### Try it
Reproduce the listing that follows character for character, excluding its pictures.

### Source material
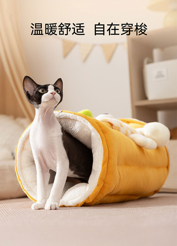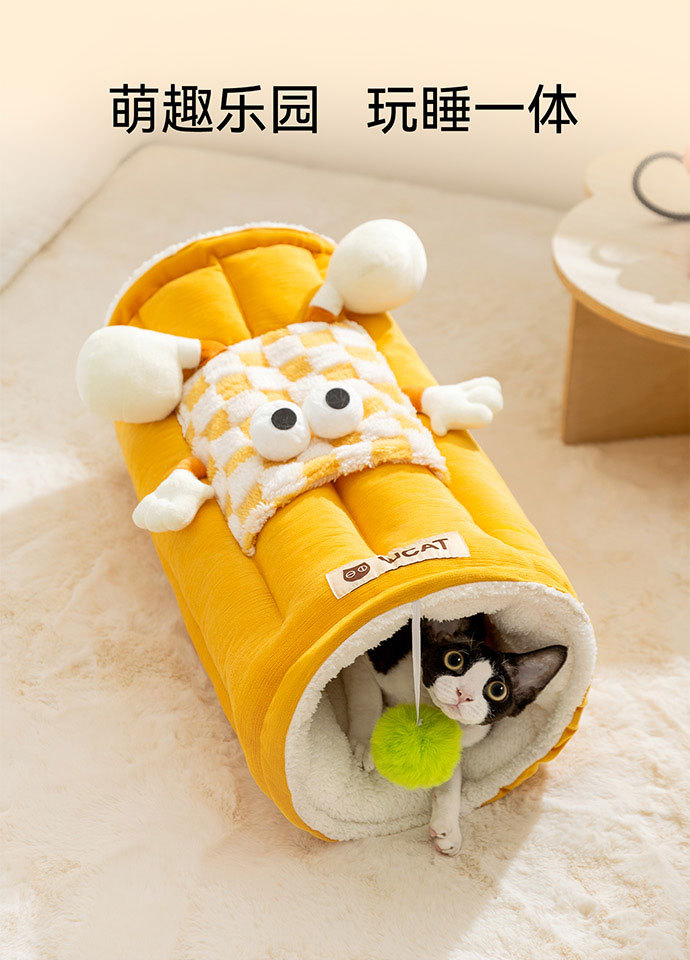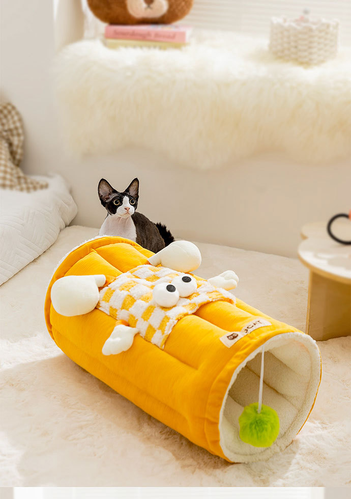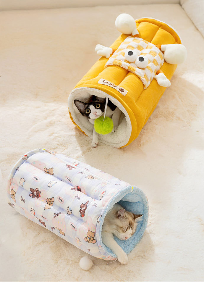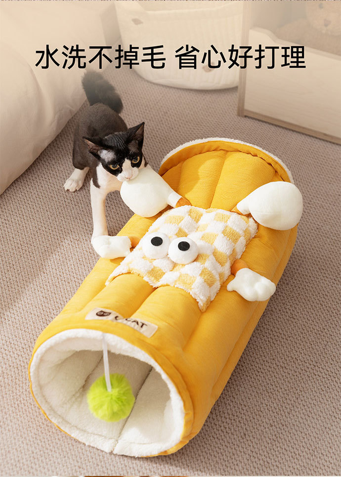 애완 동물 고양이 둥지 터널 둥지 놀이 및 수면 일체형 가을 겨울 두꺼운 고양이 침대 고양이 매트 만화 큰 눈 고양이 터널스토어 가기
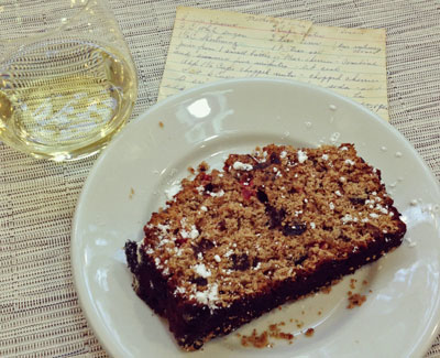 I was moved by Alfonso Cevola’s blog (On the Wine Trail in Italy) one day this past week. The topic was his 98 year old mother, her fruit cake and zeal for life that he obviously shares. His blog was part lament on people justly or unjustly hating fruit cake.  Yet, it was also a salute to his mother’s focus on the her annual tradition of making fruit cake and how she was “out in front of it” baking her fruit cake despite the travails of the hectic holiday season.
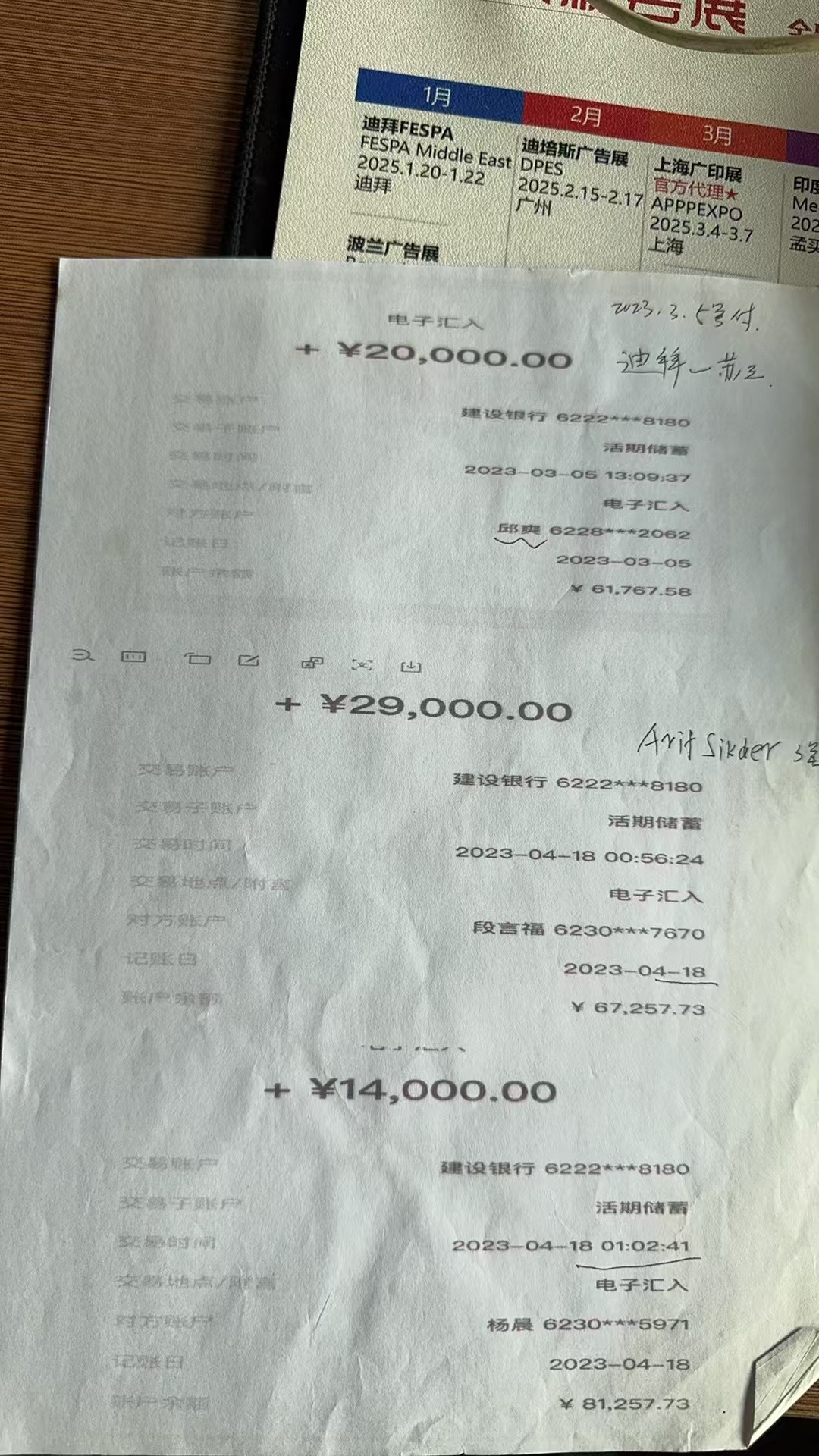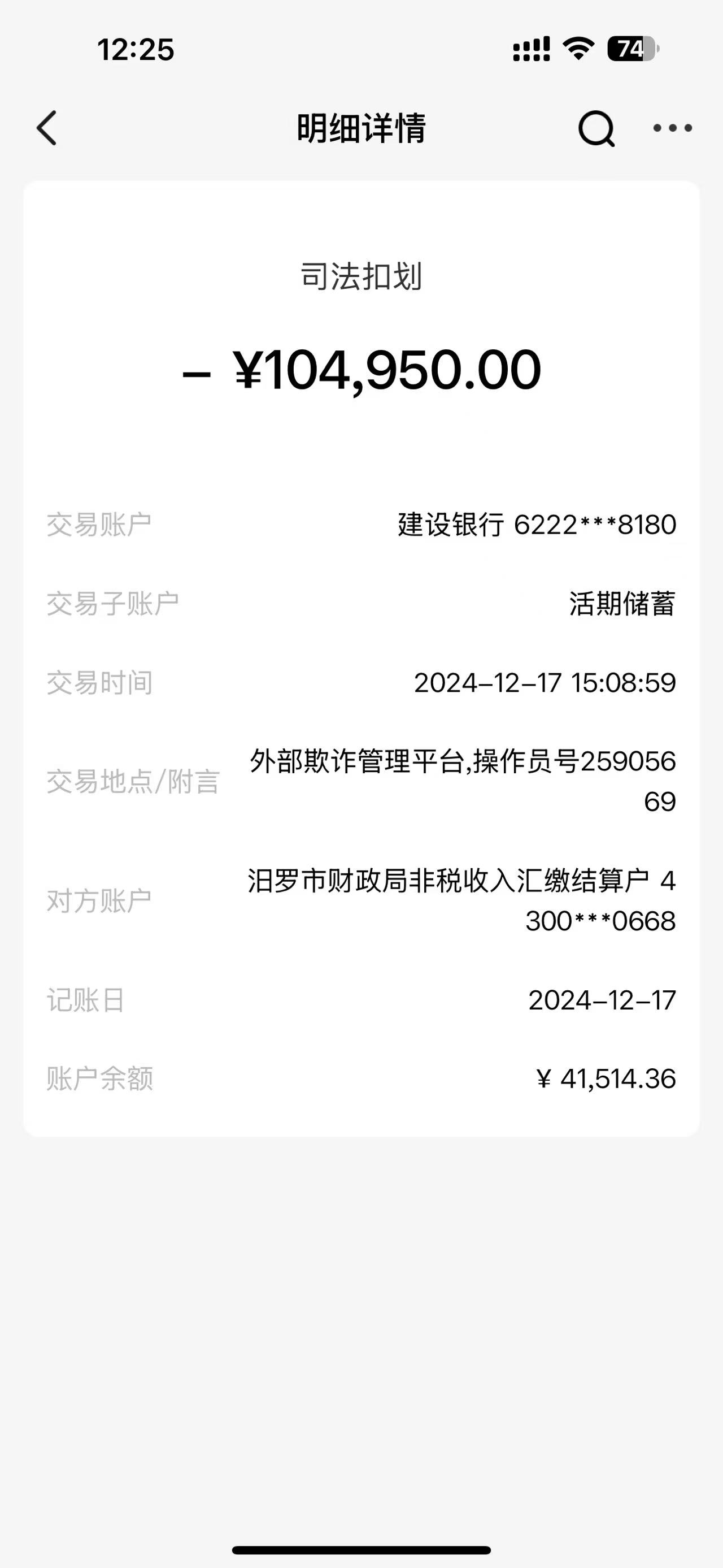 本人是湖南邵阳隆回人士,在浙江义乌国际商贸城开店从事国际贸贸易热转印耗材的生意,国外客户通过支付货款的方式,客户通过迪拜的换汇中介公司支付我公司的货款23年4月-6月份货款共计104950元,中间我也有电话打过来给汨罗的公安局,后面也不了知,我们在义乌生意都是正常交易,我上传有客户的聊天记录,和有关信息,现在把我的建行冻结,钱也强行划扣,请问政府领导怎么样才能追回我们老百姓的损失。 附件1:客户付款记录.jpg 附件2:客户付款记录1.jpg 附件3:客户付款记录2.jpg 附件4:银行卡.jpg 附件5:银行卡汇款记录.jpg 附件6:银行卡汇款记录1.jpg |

### Solved exercise
 애완 동물 고양이 둥지 터널 둥지 놀이 및 수면 일체형 가을 겨울 두꺼운 고양이 침대 고양이 매트 만화 큰 눈 고양이 터널스토어 가기
 I was moved by Alfonso Cevola’s blog (On the Wine Trail in Italy) one day this past week. The topic was his 98 year old mother, her fruit cake and zeal for life that he obviously shares. His blog was part lament on people justly or unjustly hating fruit cake.  Yet, it was also a salute to his mother’s focus on the her annual tradition of making fruit cake and how she was “out in front of it” baking her fruit cake despite the travails of the hectic holiday season.
 本人是湖南邵阳隆回人士,在浙江义乌国际商贸城开店从事国际贸贸易热转印耗材的生意,国外客户通过支付货款的方式,客户通过迪拜的换汇中介公司支付我公司的货款23年4月-6月份货款共计104950元,中间我也有电话打过来给汨罗的公安局,后面也不了知,我们在义乌生意都是正常交易,我上传有客户的聊天记录,和有关信息,现在把我的建行冻结,钱也强行划扣,请问政府领导怎么样才能追回我们老百姓的损失。 附件1:客户付款记录.jpg 附件2:客户付款记录1.jpg 附件3:客户付款记录2.jpg 附件4:银行卡.jpg 附件5:银行卡汇款记录.jpg 附件6:银行卡汇款记录1.jpg |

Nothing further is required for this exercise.